→ **Directions for this task**:
A precise copy of the data is required, with every picture left out.

→ **Provided data**:
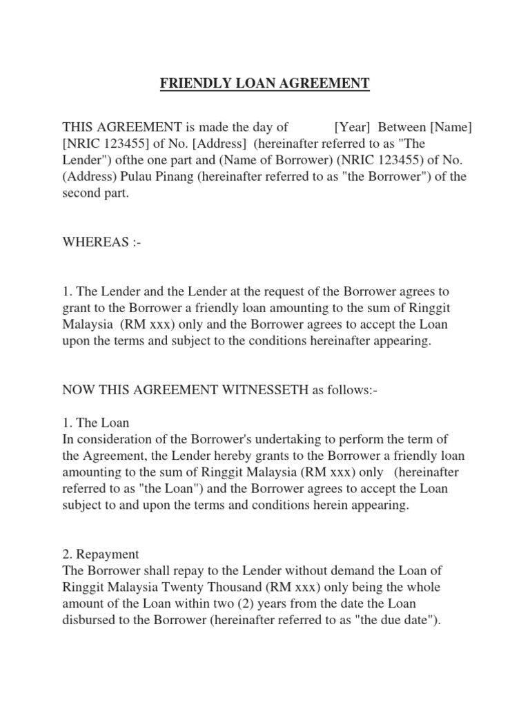 Friendly Loan Agreement Malaysia
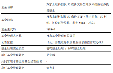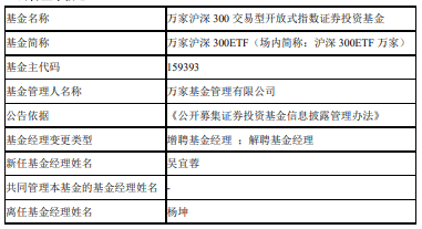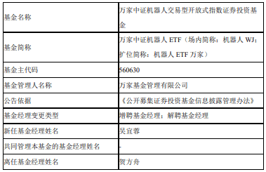 中国经济网北京3月30日讯 近日,万家基金公告,万家沪深300ETF、万家上证科创板50成份ETF、万家中证机器人ETF增聘吴宜蓉。
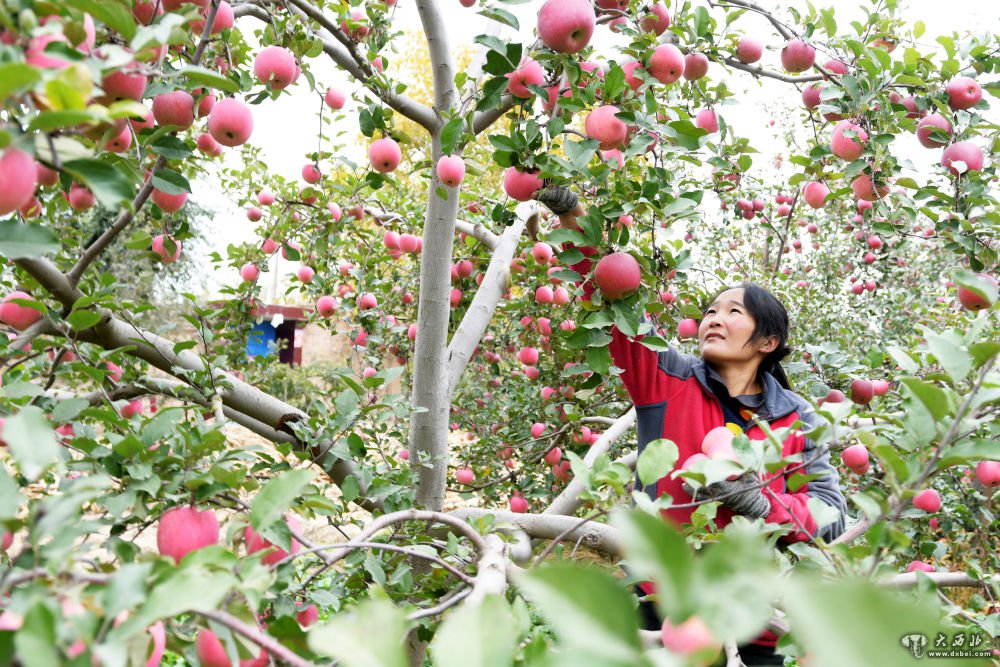 10月26日,甘肃省临夏回族自治州永靖县岘塬镇姬川村的果农在采摘苹果。新华社发(史有东摄)

→ **Finished task**:
 Friendly Loan Agreement Malaysia
 中国经济网北京3月30日讯 近日,万家基金公告,万家沪深300ETF、万家上证科创板50成份ETF、万家中证机器人ETF增聘吴宜蓉。
 10月26日,甘肃省临夏回族自治州永靖县岘塬镇姬川村的果农在采摘苹果。新华社发(史有东摄)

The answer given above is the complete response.